• Problem description:
Write out word for word the lines from the one holding "在4教307召开2026年度" through the end of the data, and only those lines. Pictures stay out.

• Dataset extract:

=== Begin Enclosure ===

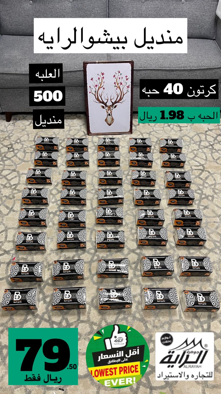منديل بيشو الرايه العلبه 500 منديل
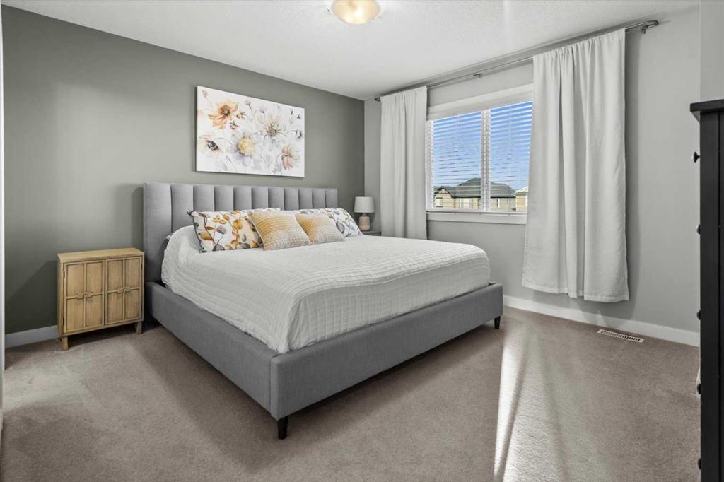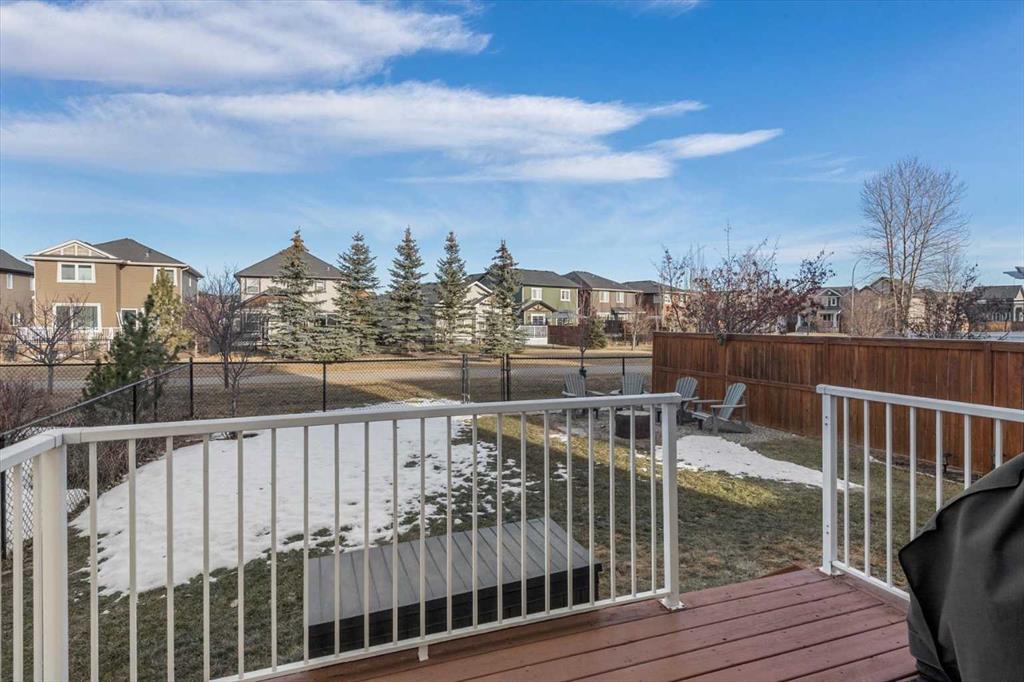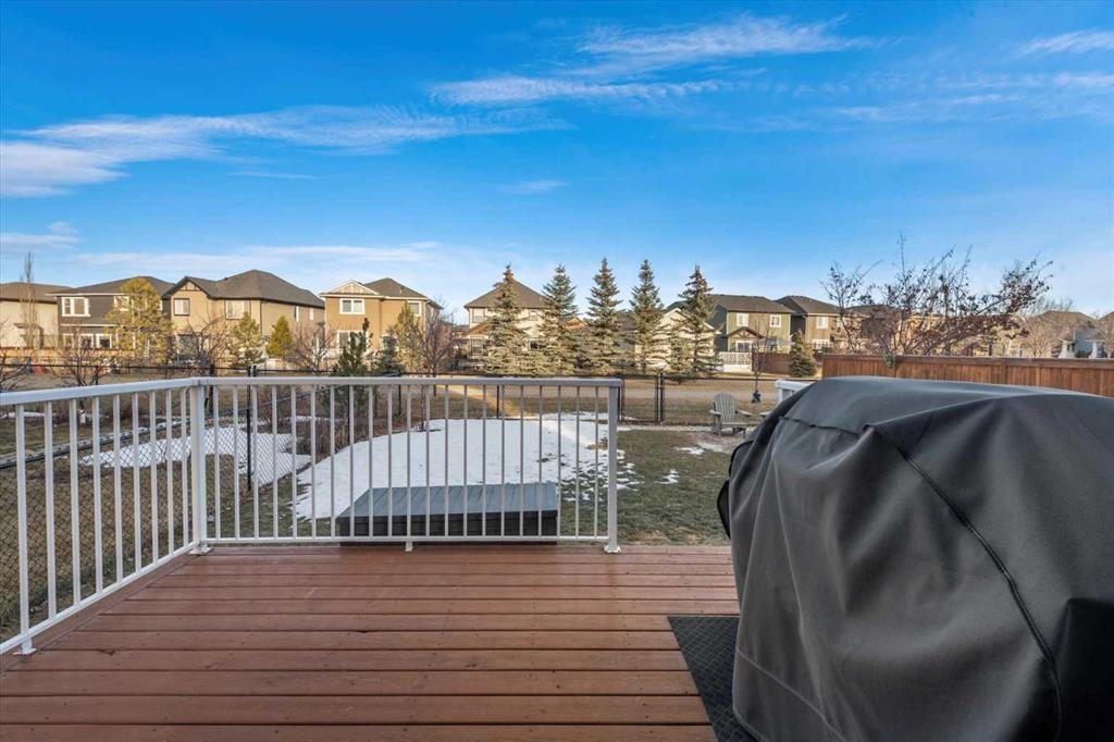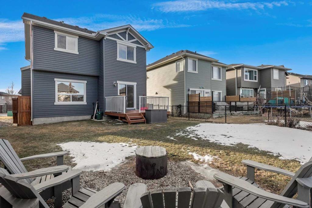 Meticulous, designer-inspired two-story home in the Airdrie community of Ravenswood. The welcoming foyer leads into a bright, open-concept main living area. The kitchen is beautifully appointed with a central island and breakfast bar, new stainless-steel appliances (including an exceptional gas range), and a walk-in pantry. Open to the kitchen, the family room features a cozy gas fireplace and outdoor views of the adjoining green space with its convenient walkway. Step outside to a private, fully fenced backyard with a fire pit—perfect for summer evenings with friends. Upstairs discover a bright, spacious bonus room, three bedrooms, and a 4-piece main bath. The primary retreat offers a customized walk-in closet and a 4-piece ensuite complete with a soaker tub and skylight. The unfinished lower level awaits a finishing design to suit your lifestyle. Ideally located close to Heloise Lorimer School and École des Haute-Plaines (K–12), with easy access to Highway 2 for easy commuting north and south, including YYC airport and downtown Calgary.
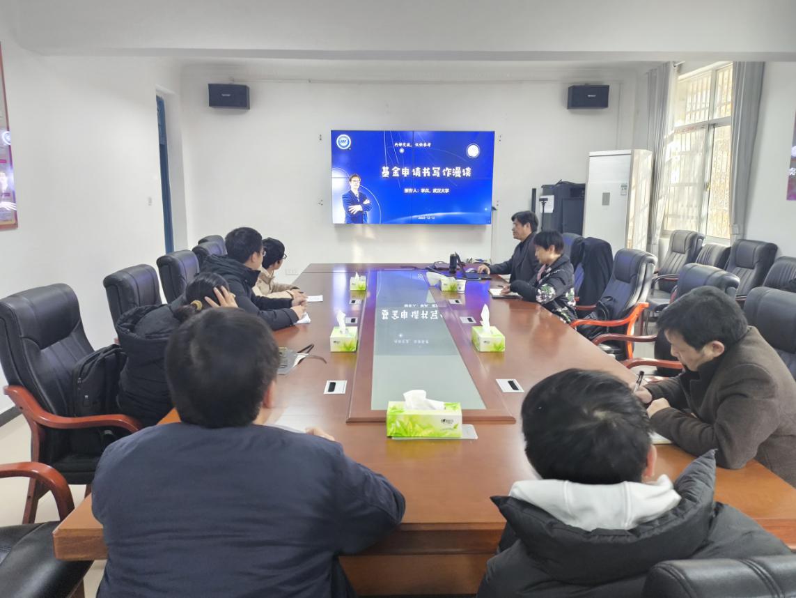 在4教307召开2026年度国家自然科学基金申报推进会。武汉大学二级教授、博士生导师李兵应邀作《基金申请书写作漫谈》专题辅导,院长崔艳荣主持,30余名教师现场聆听。
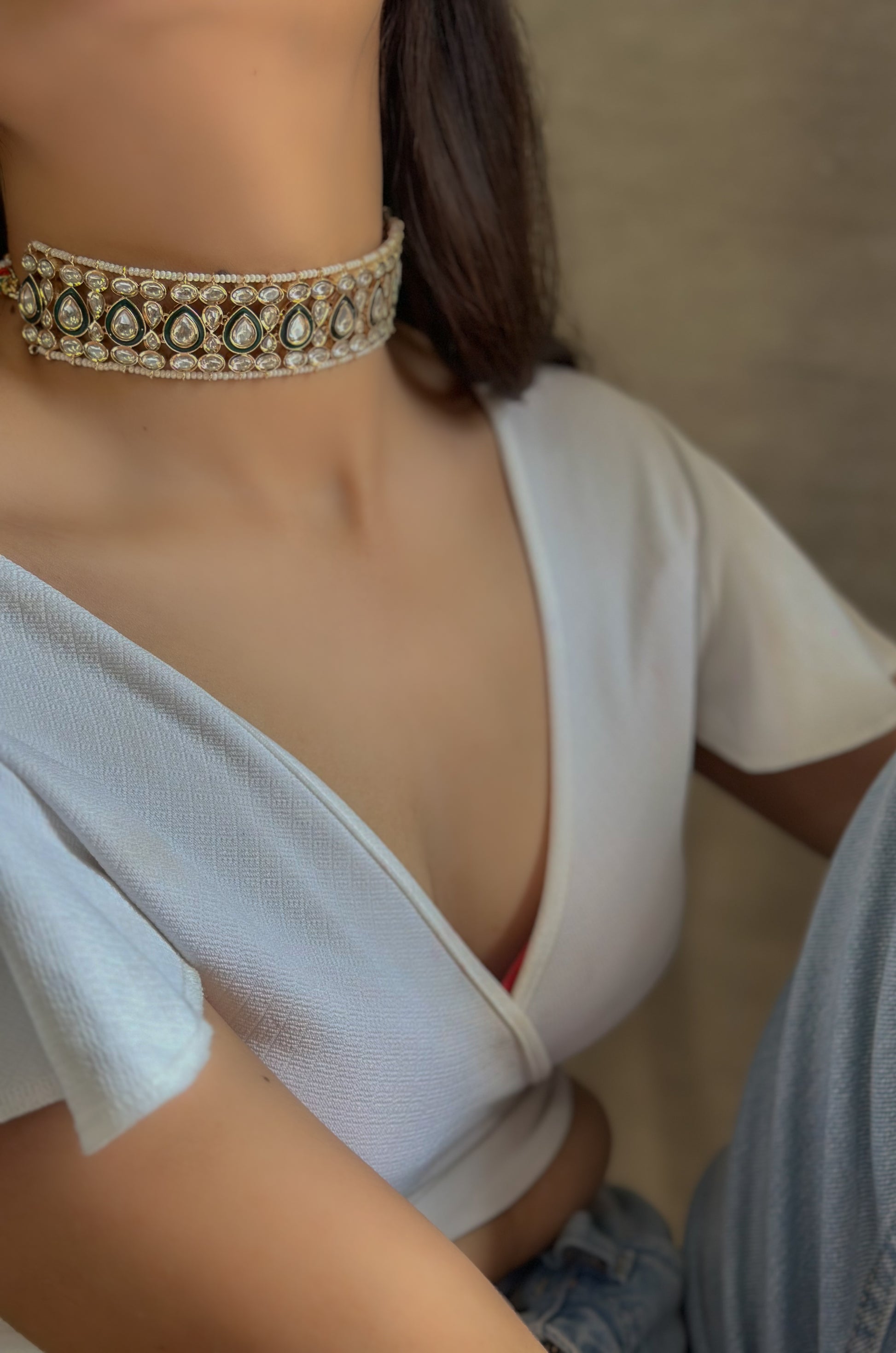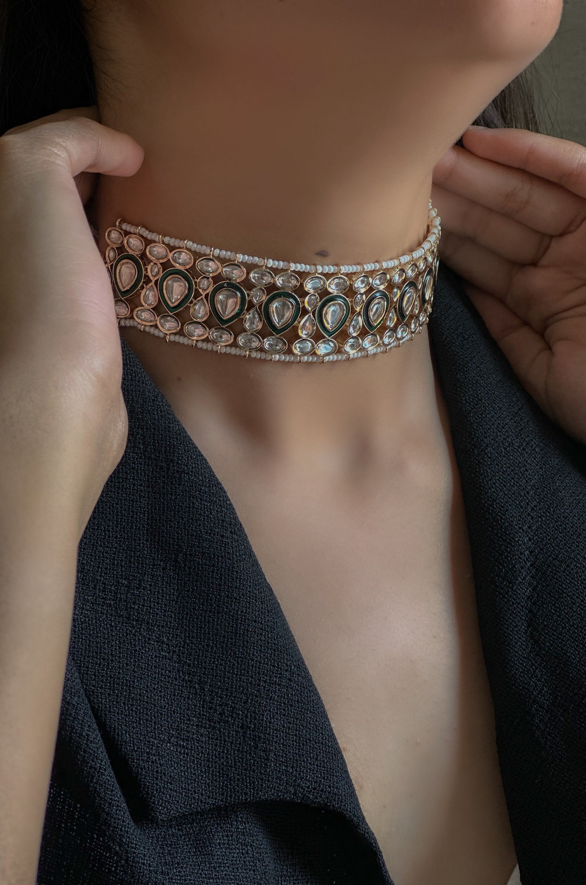 This beautifully crafted Polki necklace features a stunning design with a delicate outline of green, adding a touch of vibrancy and elegance. Perfect for adding a pop of color to any ensemble.

=== End Enclosure ===

• Response to the exercise:
 在4教307召开2026年度国家自然科学基金申报推进会。武汉大学二级教授、博士生导师李兵应邀作《基金申请书写作漫谈》专题辅导,院长崔艳荣主持,30余名教师现场聆听。
 This beautifully crafted Polki necklace features a stunning design with a delicate outline of green, adding a touch of vibrancy and elegance. Perfect for adding a pop of color to any ensemble.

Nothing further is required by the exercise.